Hello,
I'm having a problem with a memory leak in the kernel. I'm running
2.6.13.3 from kernel.org on FC4 on a Dell Poweredge 2850 Duel Xeon 3ghz
with 2GB RAM. Soon after booting up names_cache starts growing until it
consumes all available memory on the system until the oom killer goes
nuts and starts killing all the processes on the machine. After
googling the problem I thought it could be caused by a corrupt file
system but after running fsck the problem hasn't gone away. Here's the
entry from /proc/slabinfo:
names_cache 204686 204686 4096 1 1 : tunables 24 12
8 : slabdata 204686 204686 12
Anyone have an idea what could cause this problem or point me in the
correct direction?
Thanks,
Robert J Derr
Weatherflow, Inc.
On Thu, 6 Oct 2005, Robert Derr wrote:
>
> I'm having a problem with a memory leak in the kernel. I'm running 2.6.13.3
> from kernel.org on FC4 on a Dell Poweredge 2850 Duel Xeon 3ghz with 2GB RAM.
Just out of interest, do you have CONFIG_AUDIT_SYSCALL enabled? Does it go
away if you disable it?
Also, what filesystems do you use? And if you run
while : ; do cat /proc/slabinfo | grep names_cache ; sleep 2; done
in one terminal, can you see if you can find any correlation to some
particular action or behaviour that would seem to be part of leaking it?
It really shouldn't grow very big at all normally. Ie the counts are
normally something like a few tens of entries used or whatever - all the
allocations should basically be temporary, and your 200+ _thousand_
entries are way out of line.
If you can't find anything obvious, then we can try to figure out a way to
just print out the contents of your name entries, I bet that would give a
clue about who is allocating them. But there's also been various leak
debugging patches out there that may help. Manfred may have pointers.
Linus
Linus Torvalds wrote:
> On Thu, 6 Oct 2005, Robert Derr wrote:
>
>> I'm having a problem with a memory leak in the kernel. I'm running 2.6.13.3
>> from kernel.org on FC4 on a Dell Poweredge 2850 Duel Xeon 3ghz with 2GB RAM.
>>
>
> Just out of interest, do you have CONFIG_AUDIT_SYSCALL enabled? Does it go
> away if you disable it?
>
It looks like it is enabled. CONFIG_AUDITSYSCALL=y in .config, right?

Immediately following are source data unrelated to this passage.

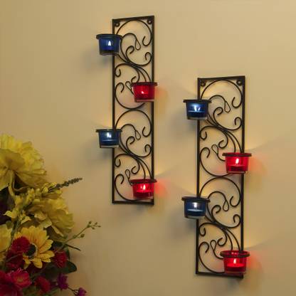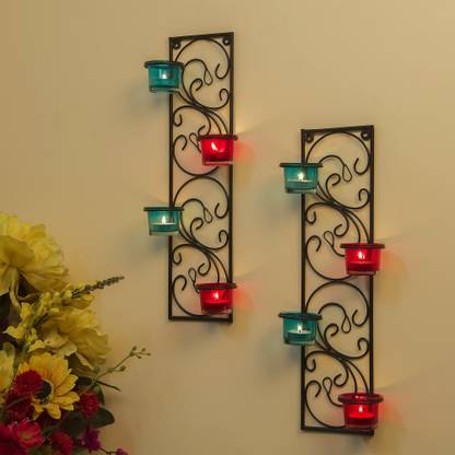 Homesake Wall Hanging Twisted Petals Tea Light Candle Diya Holders, Set of ...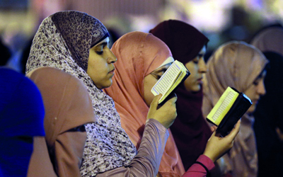 ثمة علاقة وطيدة بين شهر رمضان والقرآن الكريم، ففي هذا الشهر الذي أنزل فيه القرآن هدى للناس، تتفرّغ الناس للعبادة، فهو شهر الرحمة والمغفرة. يعمد الناس إلى ختم القرآن في هذا الشهر، وتكثر الأحاديث التي تتحدث عن فضل قراءة القرآن في شهر رمضان، حيث يقال إن لكل شيء ربيعاً، وإن ربيع القرآن الكريم هو شهر رمضان. وتحث قراءة القرآن في هذا الشهر على الالتزام بالمعاني السامية التي يحتويها والتي تقوم على الرحمة والتسامح والعطاء والخير، مقابل الابتعاد عن كل ما نهى عنه القرآن من المعاصي للخالق. وعلى الرغم من منح الناس مرتبة مهمة لقراءة القرآن يومياً خلال الشهر الفضيل، إلا أنه ليس الطقس الديني الوحيد، فيقوم الناس بتكريس وقتهم للعبادة والصلاة، ومنها صلاة التراويح في المساء عند العشاء، إضافة إلى الدعاء والتسبيح والاستغفار.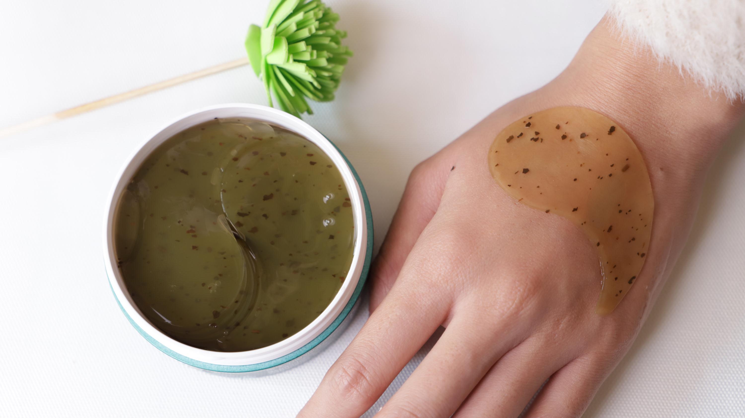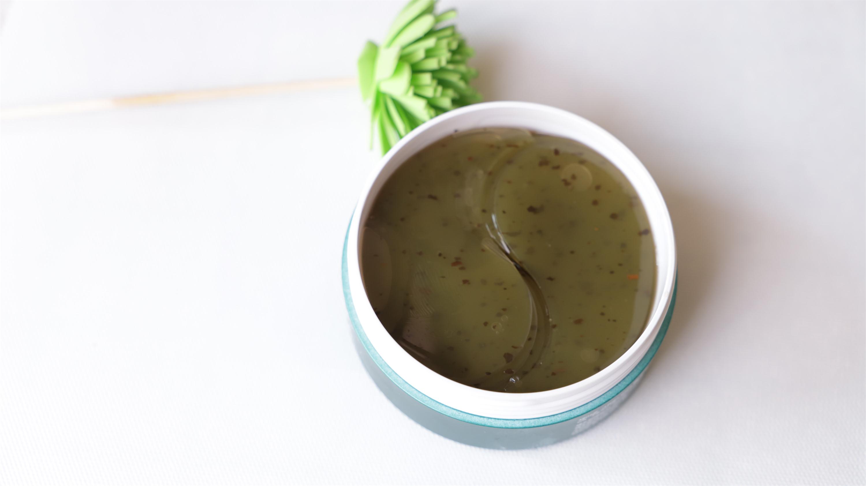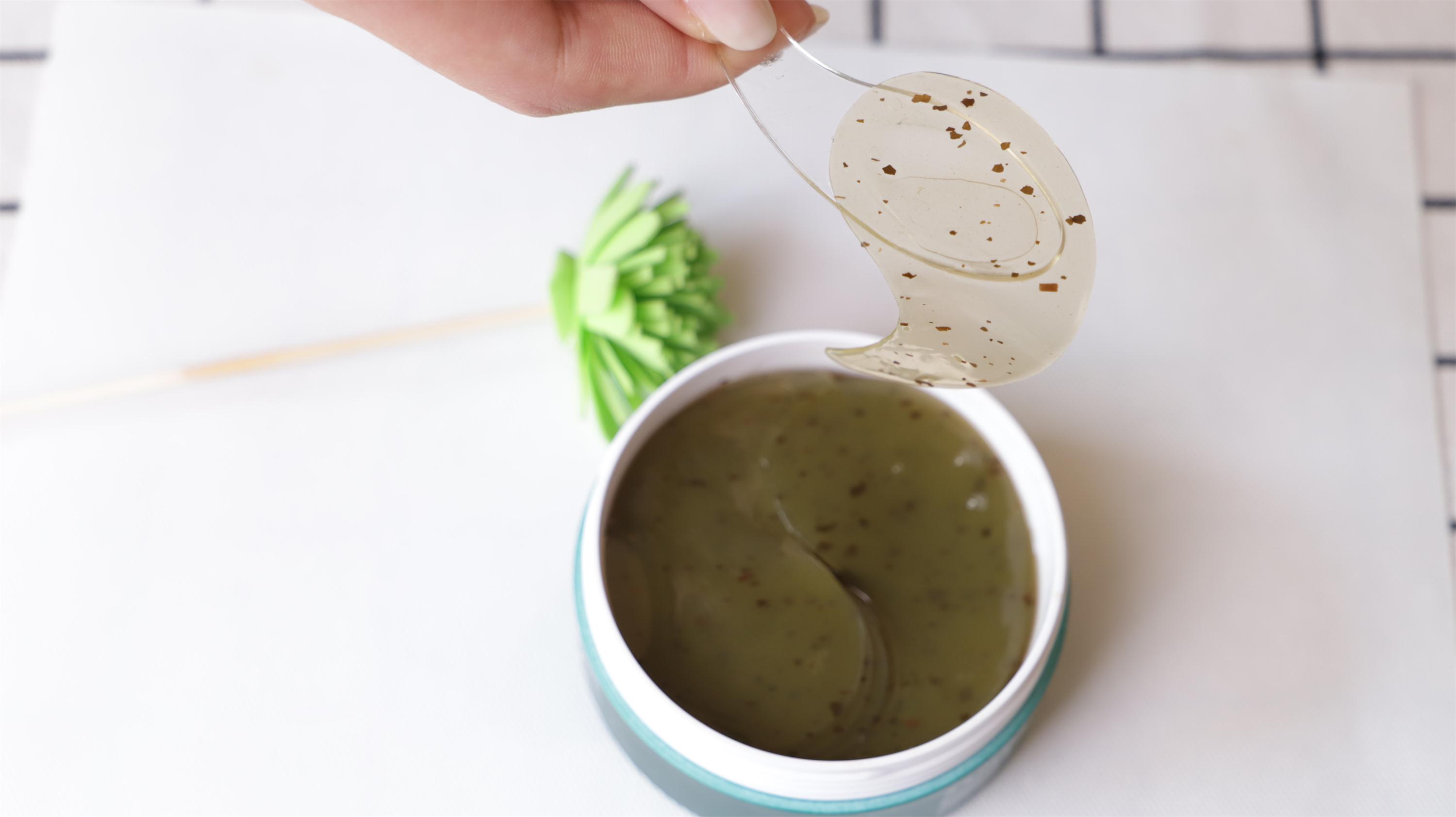 这款眼膜质地是草绿色的透明果冻,弹性十足,像一块清爽的凉糕。而且在眼膜中还能看到明显的绿茶碎,可见其真材实料。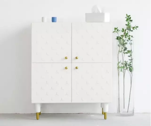 纯白色柜身,采用哑光颜色质感与金色金属现代感相结合,柜体表面的人型花纹,简约而附有细节质感;娇小的体形,置于餐厅方便收纳,又节省空间,作为餐边柜,收纳餐具与美食,也可作为入户玄关柜等增添生活情趣,更是可作为卧室边柜收纳,兼具美观和实用。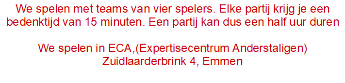 Dan zijn wij op zoek naar u! De schaakvereniging ESG in Emmen verwelkomt nieuwe leden van harte in haar vereniging. Wij spelen op maandagavond vanaf 19:45 uur (jeugd om 18:30 uur) in wijk- centrum ’t Brinkenhoes, Mantingerbrink 140 in Emmen-Bargeres.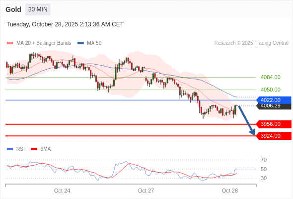 在 4022.00 之下,看跌,目标价位为 3956.00 ,然后为 3924.00 。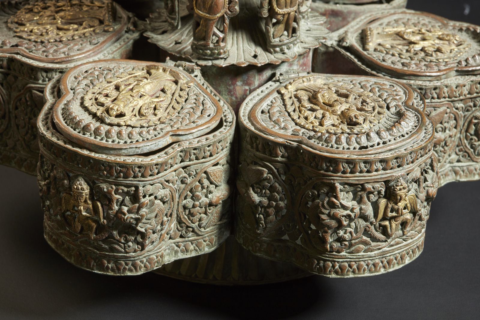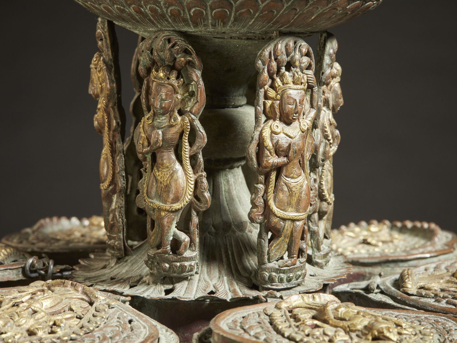 In metallo sbalzato, cesellato e lavorato a traforo, composto di numerosi scomparti a forma di goccia con coperchio incernierato, probabilmente atti a contenere le spezie. L'esterno decorato con tralci vegetali intrecciati e piccole placche contenenti divinità sincretiche, come il personaggio alato inginocchiato che ricorda Garuda. Cariatidi simili aYakshni ricoprono lo stelo centrale e la sommità è decorata con elemento fiammeggiante contenete la raffigurazione del Buddha della Medicina entro prabha tricuspide.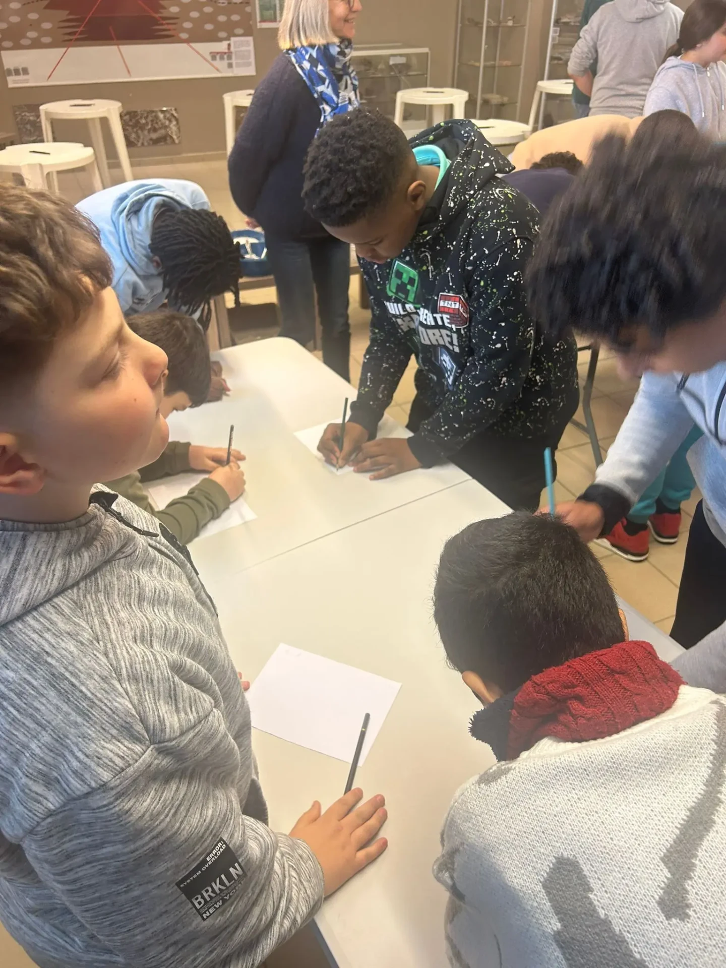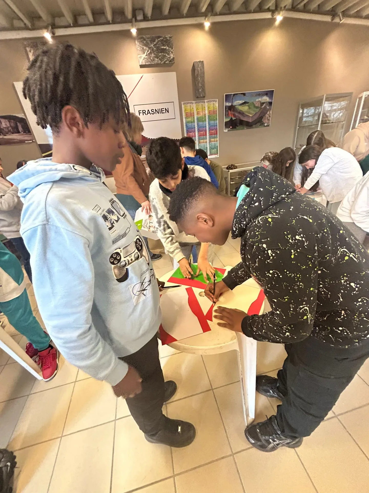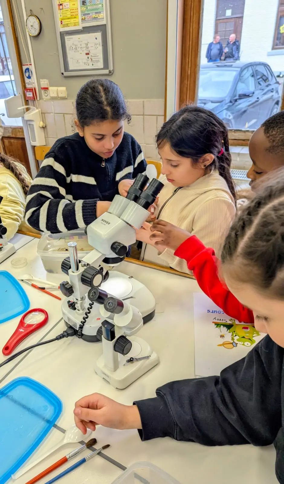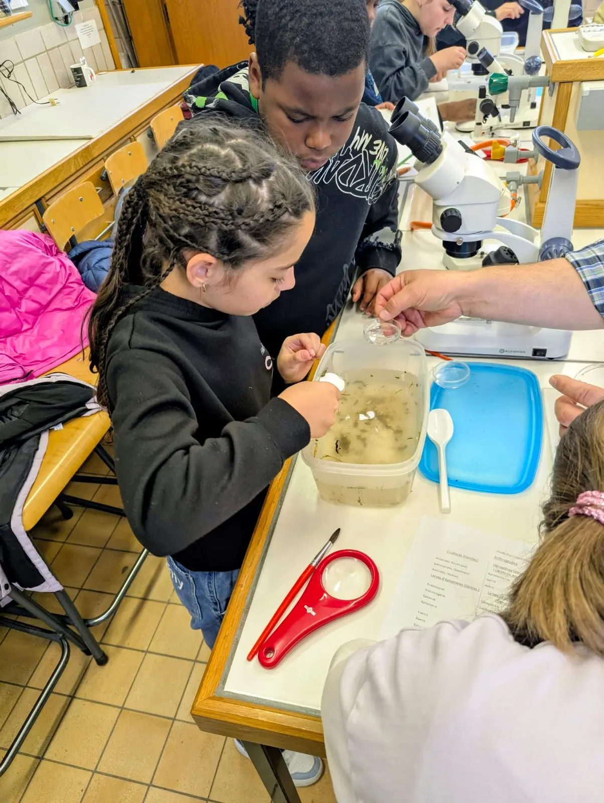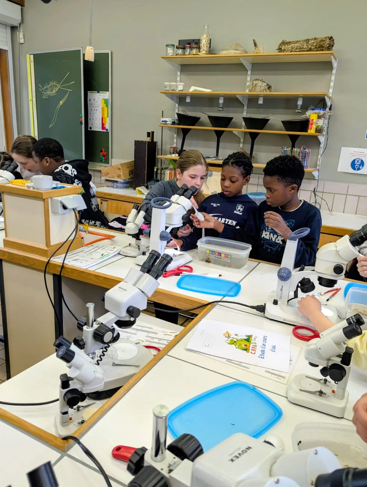 Programme du jour : les élèves de Mme Emily sont partis à la découverte du ruisseau de Montbliart et ont pu y découvrir une multitude de petits animaux qui y vivaient. Les élèves de M. Manu quant à eux sont partis en marche d’orientation la matin et ont eu des activités astronomique ainsi que la visite du musée du marbre l’après-midi.
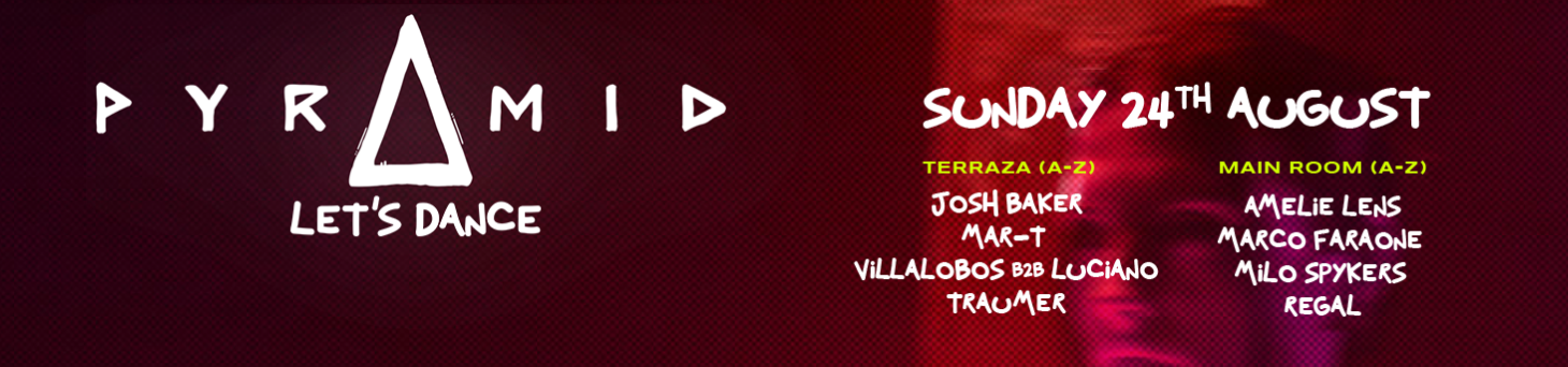 Pyramid promete otra noche histórica. Hoy domingo 24 de agosto, Pyramid reúne a lo mejor de la electrónica. En la Terraza destacan Josh Baker, Mar-T, Traumer y el explosivo Villalobos b2b Luciano. En la Main Room, el techno se impone con Amelie Lens, Marco Faraone, Milo Spykers y Regal. Una cita imprescindible para bailar sin pausa.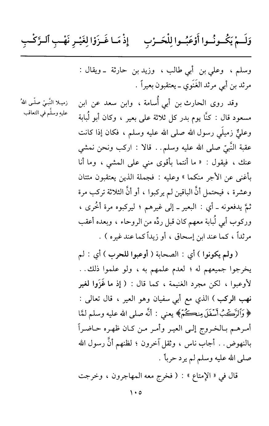 وقد روى الحارث بن أبي أسامة، وابن سعد عن ابن مسعود قال: كنّا يوم بدر كل ثلاثة على بعير، وكان أبو لبابة وعليّ زميلي رسول الله صلى الله عليه وسلم، فكان إذا كانت عقبة النّبيّ صلى الله عليه وسلم.. قالا: اركب ونحن نمشي عنك، فيقول: «ما أنتما بأقوى مني على المشي، وما أنا بأغنى عن الأجر منكما» وعليه: فجملة الذين يعتقبون مئتان وعشرة، فيحتمل أنّ الباقين لم يركبوا، أو أنّ الثلاثة تركب مرة ثمّ يدفعونه- أي: البعير- إلى غيرهم؛ ليركبوه مرة أخرى، وركوب أبي لبابة معهم كان قبل ردّه من الروحاء، وبعده أعقب مرثدا، كما عند ابن إسحاق، أو زيدا كما عند غيره) .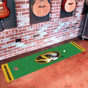 Practice your putting skills with this dual use Missouri Tigers logo runner. This realistic Missouri Tigers logo putting green runner acts as a putting practice surface as well as a runner with the Missouri Tigers color and logo. Looks good in your game room, office or any room you choose. Includes a secure fit plastic target barrier bumper under the Missouri Tigers logo mat that acts as a putting hole. Has a 11 on the Stimp meter, and it is made of a Chromojet-printed nylon surface with vinyl backing. Approximant measurements are 18” x 72", and it is officially licensed. Not available for expedited delivery. All mats are made to order therefore may take up to 2 weeks to ship.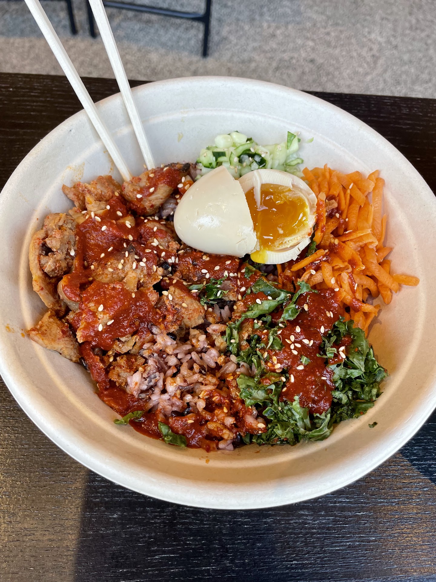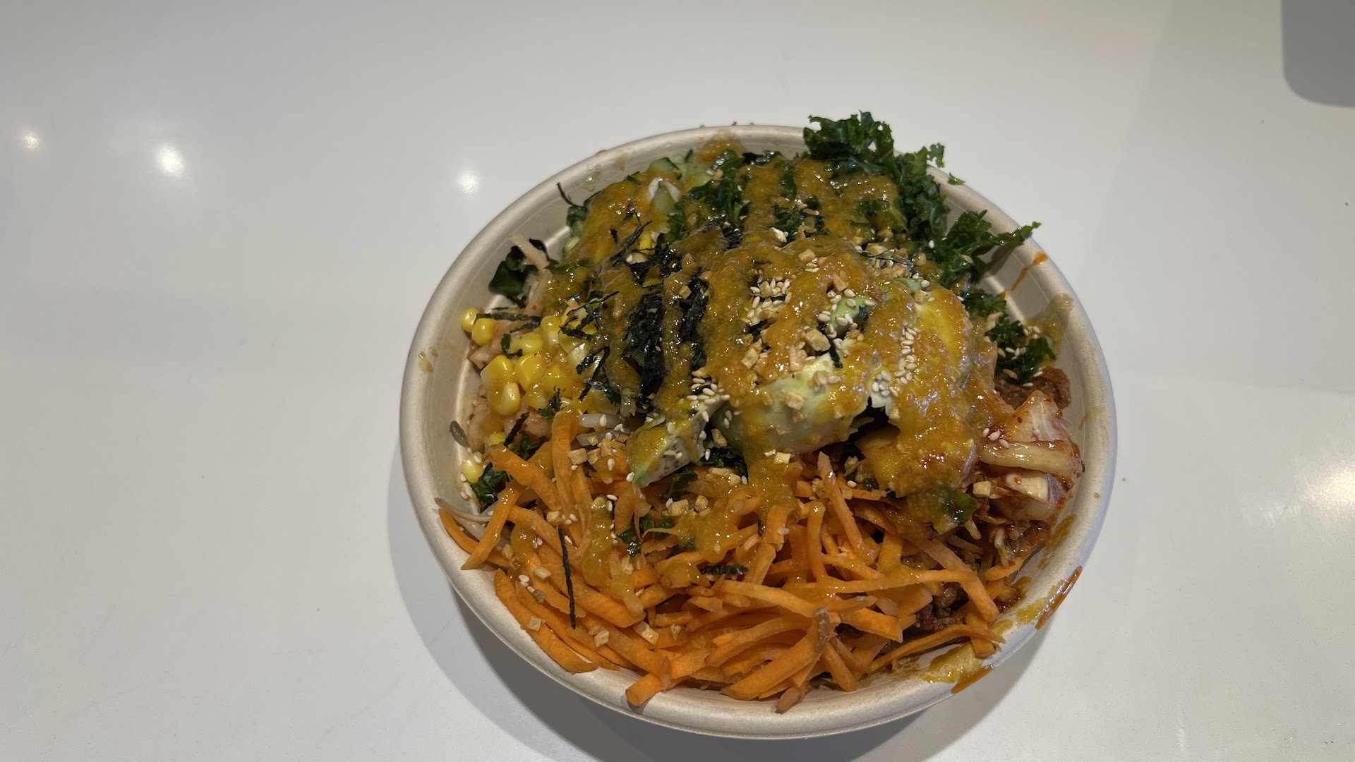 Food: The ingredients were fresh, and the portion size was generous. I opted for a build-your-own bowl, and the combination of veggies, protein, and sauces was well-balanced. The ginger-carrot sauce added a nice kick, and the kimchi and sesame seeds brought great texture and flavor. However, some toppings could have been more evenly distributed.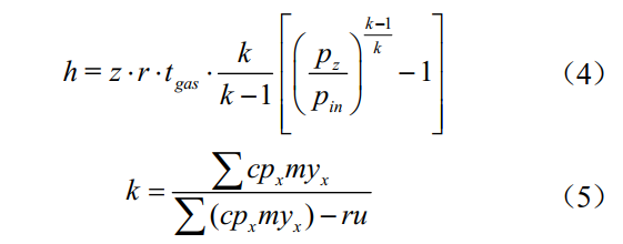 離心式壓縮機的能頭及絕熱系數計算分別見(jiàn)式(4)、式(5):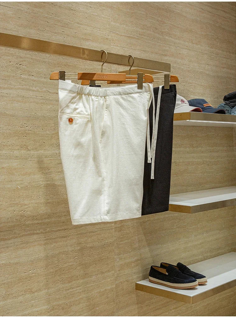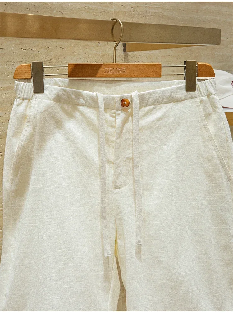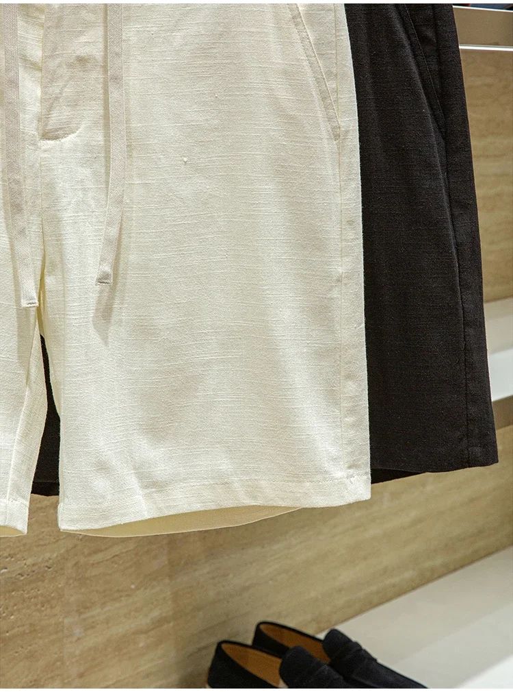 Ramie cotton blend comfortable and breathable summer drawstring casual linen shorts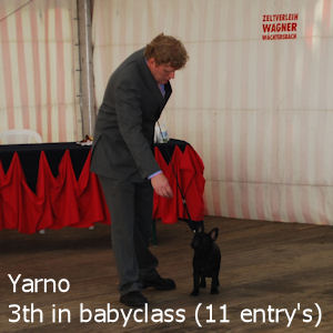 Then we got a break, the bitches would later be judged by mevr. Wil Vries-Hoogland. Inbetween, we had to enter the ring, because of the explanation on the French bulldog with all French Bulldogs as the breed of the day. Mr Dick Baars told what important information about the breed which was extra examined with examples from the group. Shortly  after this we could start with the bitches. Of course to begin with the baby’s. Thank you Tessa for your help on this day. She went with Ymani in the ring and I walked with Yadore. Astrid showed with Yazzlin and Maria with Zingara (a great-grandchild of our Harlequin).

> Also, what filesystems do you use? And if you run
>
> while : ; do cat /proc/slabinfo | grep names_cache ; sleep 2; done
>
> in one terminal, can you see if you can find any correlation to some
> particular action or behaviour that would seem to be part of leaking it?
>
I'm not sure if I can find the action or behavior causing the problem.
The server is the master node on a 14 computer cluster running a
mesoscale weather forecasting package so there's a million things going
on all the time. I guess I could write a program to compare all the
processes running against the names_cache and look for any correlation.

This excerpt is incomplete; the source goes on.